He also laid out The Himalayas, 9-hole putting course in St Andrews in 1867 for the St Andrews Ladies Golf Club. It lies next to the Old Course, north of the Swilcan Burn. It is thought that it was the first minigolf or 'miniature links' course in the world, and it's now both a 9-hole and 18-hole putting course.

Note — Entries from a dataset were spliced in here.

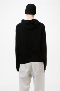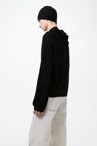 Details · Italian yarn · 100% Silk · Raglan sleeves · Patch pocket · 2x2 rib knit cuffs and hem · Relaxed, boxy fit · M2263KA Description Our Knitted Hoodie in Almost Black Refined Silk. Produced in Italian silk yarn, the Knitted Hoodie has a relaxed, boxy fit and features raglan sleeves, a patch pocket, and 2x2 rib knit cuffs and hem. This garment is manufactured using a carefully sourced yarn. The natural characteristics of the yarn, combined with the construction of the knit allows the garment to expand when worn. The garment shall be shaped by its wearer and naturally distress over time to finish the design process. To help keep the integrity of the garment please store the garment folded.
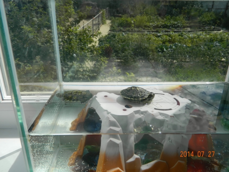 почти два года назад нам сестра отдала трех маленьких черепашек-красноушек, двух мальчиков и девочку. Детворе, по мне, это самый лучший подарок - не кричат, не поют, не гадят по углам, да и заботиться о них одно удовольствие - они даже едят с рук! А еще мы устраиваем гонки черепашьи! И вот сегодня девочки не стало. Не могу сказать, что это неожиданно, она уже месяц не ела, как-то иссохлась, а утром я увидела, что она не двигается уже.
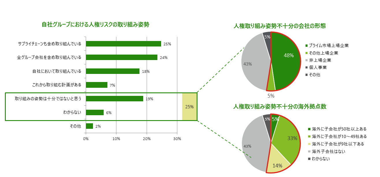 当社が2023年に行った「人権サーベイ2023」(上場企業を中心に約100社に対し人権意識や各企業の取り組み状況を調査)によると、「自分の所属する組織(企業など)で人権リスクに取り組む姿勢は十分か」といった質問に、「取り組みの姿勢は十分ではないと思う」「わからない」と回答した企業は、約25%にのぼった。この「取り組みの姿勢は十分ではないと思う」「わからない」と回答した企業を分析したものが、図1の右側の円グラフです。右上のグラフを見ると、約半数以上が上場企業であり、右下のグラフを見ると、海外に子会社があると回答した企業は半数を超えています。つまり、上場企業で、海外に進出している企業において特に、人権リスクへの取り組みに課題を感じている、といった傾向がみえます。
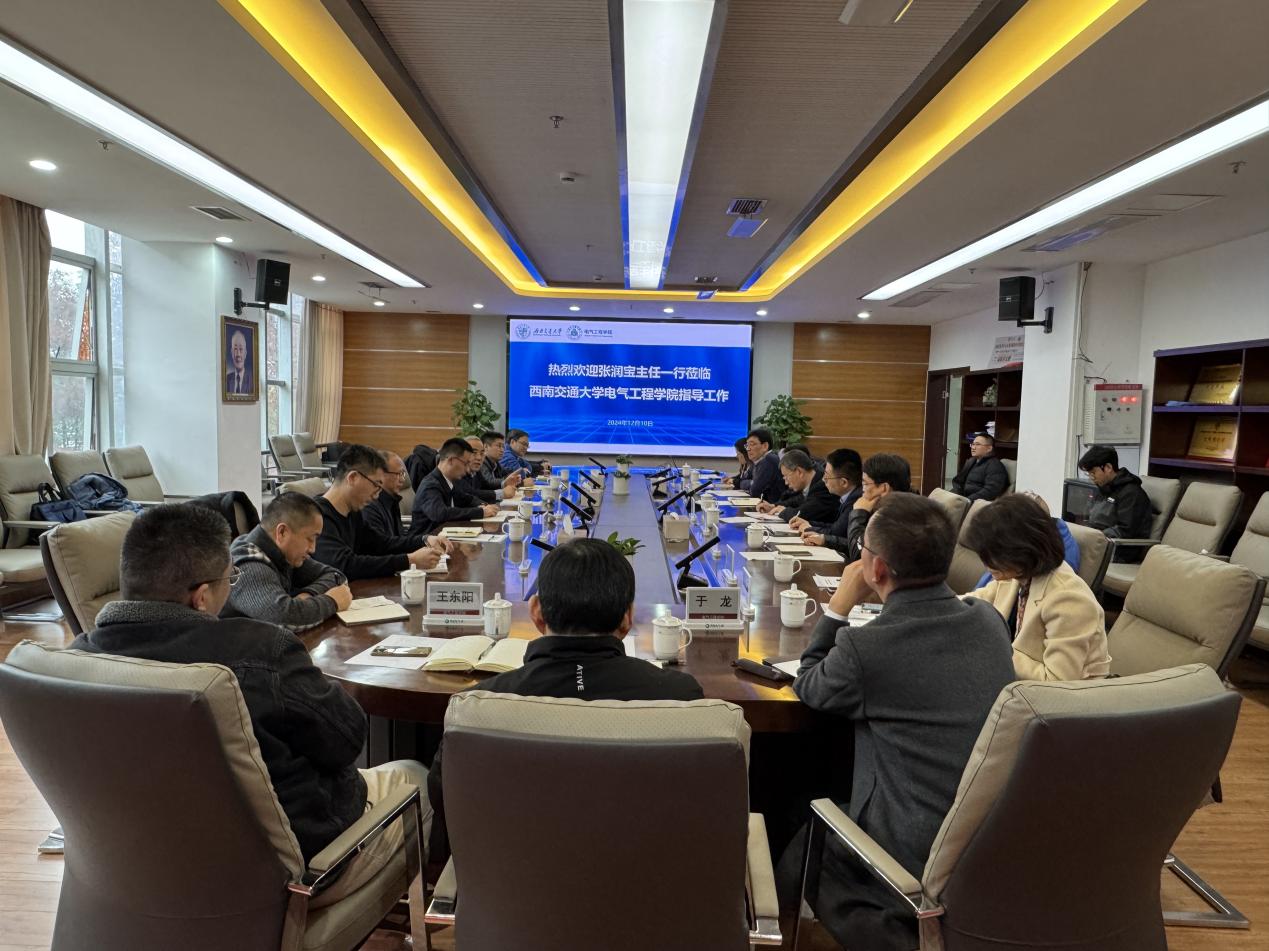 12月10日下午,国铁集团工电部副主任张润宝一行莅临老王论坛 开展交流研讨会。国铁集团工电部主办乔凯庆,中国铁设电化电信院院长罗健,成都铁路局供电处副处长何祥照,中铁二院电化院总工程师邓云川,中国铁设电化电信院电气化所副所长魏建忠;老王论坛 院长马光同,党委书记王斌,国家轨道交通电气化与自动化工程技术研究中心主任高仕斌,继续教育学院院长陈民武,老王论坛 副院长何晓琼、刘志刚,以及学院教师代表参加交流研讨会议。会议由马光同院长主持。
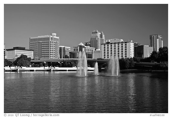 Fountains and morning skyline from Lake Lucerne. Orlando, Florida, USA
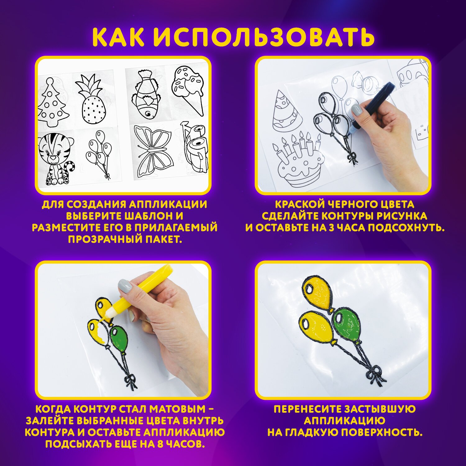 Для создания аппликации выберите шаблон и разместите его в прилагаемый прозрачный пакет, краской черного цвета сделайте контуры рисунка и оставьте на 3 часа подсохнуть. Когда контур стал матовым – залейте выбранные цвета внутрь контура и оставьте аппликацию подсыхать еще на 8 часов. Для получения желаемого оттенка при смешивании цветов можно воспользоваться зубочисткой (в комплект не входит). Перенесите застывшую аппликацию на гладкую вертикальную поверхность.

Morris introduced many of the greenskeeping techniques that are still used today, including:

- He standardised the length of a golf course to 18 holes.
- The first to use a lawn mower to cut putting greens.
- He is said to have accidentally discovered the benefits of routinely dressing the tops of greens with sand to improve the density and uniformity of the putting turf, when he accidentally spilled a wheelbarrow full of sand onto a green.
- Using fertilisers, lime, sulfates, and compost to improve the growth of the turf.
- Using drainage and irrigation to improve linksland golf courses, by digging shallow wells at each green for irrigation and with making minor drainage improvements to bunkers.
- The first strategic design of hazards such that hazards could work as markers so that players could plan their play around them. Before his time, hazards, such as bunkers, were left alone. Morris began managing the state of these hazards.
- Yardage markers, which tell golfers how far they are from the green. The markers can indicate that they are for example 200 yards, 150 yards, or 100 yards from the green.
- The first tee boxes, also known as the teeing area. Before his time, golfers would tee off for the next hole from the green they had just played.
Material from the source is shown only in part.